Being Broke (LOL) and Doing It Anyway
Having nothing more than those two pennies was both horrible and just the slightest bit funny, the way being flat broke at times seemed to me. As I stood there gazing at Elk Lake, it occurred to me for the first time that growing up poor had come in handy. I probably wouldn’t have been fearless enough to go on such a trip with so little money if I hadn’t grown up without it.
I’d always thought of my family’s economic standing in terms of what I didn’t get: camp and lessons and travel and college tuition and the inexplicable ease that comes when you’ve got access to a credit card that someone else is paying off.

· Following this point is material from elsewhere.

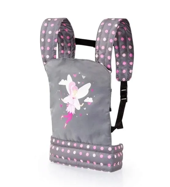 Te nowoczesne nosidełko jest idealne dla pluszowych zabawek lub lalek do 46 cm. Lalkę można nosić zarówno z przodu, jak i z tylu. Dzięki miękkim, szerokim pasom naramiennym oraz szerokiemu pasowi biodrowemu, który można indywidualnie regulować, ukochanego maluszka można nosić długo i wygodnie. Zintegrowane siedzisko po wewnętrznej stronie nosidełka zapewnia dodatkowe podparcie dla lalki.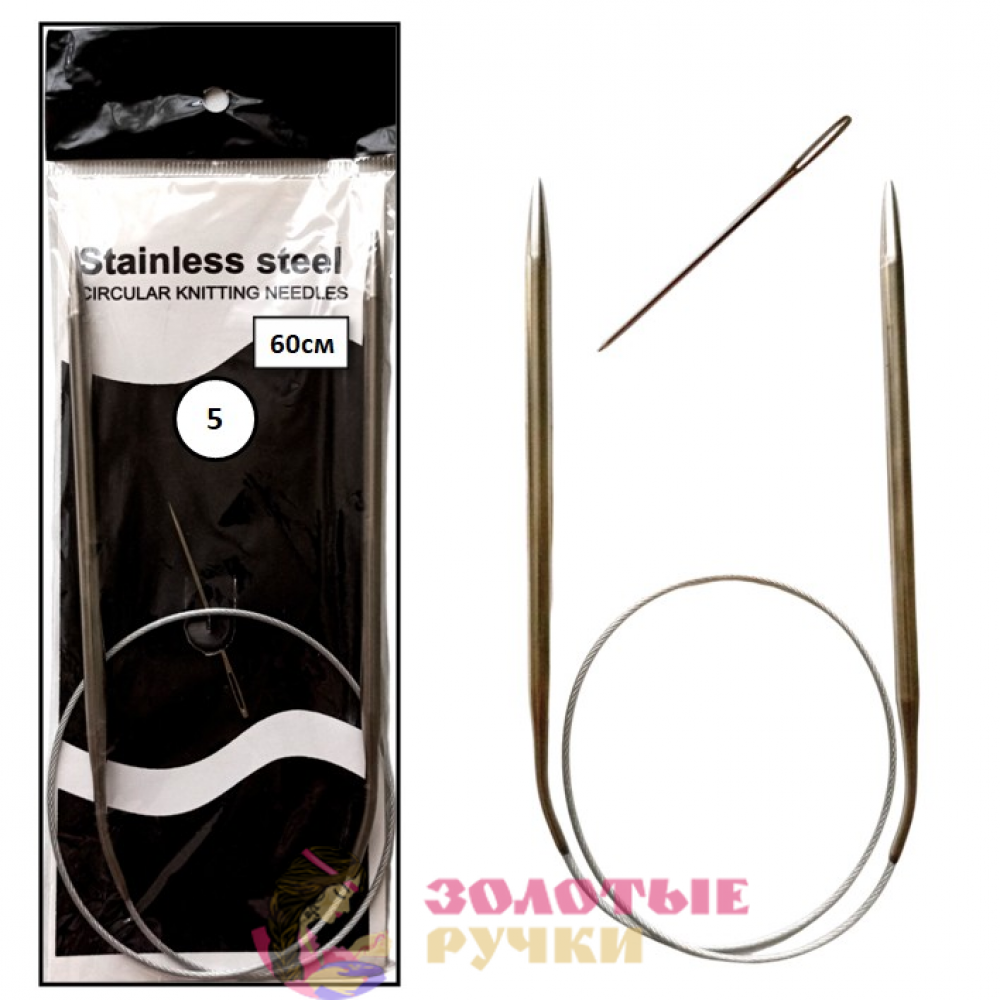 Спицы для вязания круговые металлические на тросике. Размер: 60 см. Диаметр: 5 мм

But now I could see the line between this and that — between a childhood in which I saw my mother and stepfather forging ahead over and over again with two pennies in their pocket and my own general sense that I could do it too.
Before I left, I hadn’t calculated how much my journey would reasonably be expected to cost and saved up that amount plus enough to be my cushion against unexpected expenses. If I’d done that, I wouldn’t have been here, eighty-some days out on the PCT, broke, but okay — getting to do what I wanted to do even though a reasonable person would have said I couldn’t afford to do it.
This passage in Cheryl Strayed’s Wild struck me as terribly relevant to my life journey. Perhaps it is also relevant to your life journey.
The parts that spoke to me:
1. I, also, have found moments of being flat broke to be funny, in my case, more than just the slightest bit. Nothing funnier than bad situations you bring completely on yourself. This, of course, is a luxury that comes with knowing that being broke is temporary.
2. That you can prepare as much as you can for things but sometimes you just have to do them and trust that things will work out — I believe this. Every time I’ve moved to a new city, I could not afford to move to that new city, but I did it anyway. My fallback was very often a credit card, which, we all know how that worked out (it worked out with $20,000 in debt), but … it worked out. Things work out, mostly.)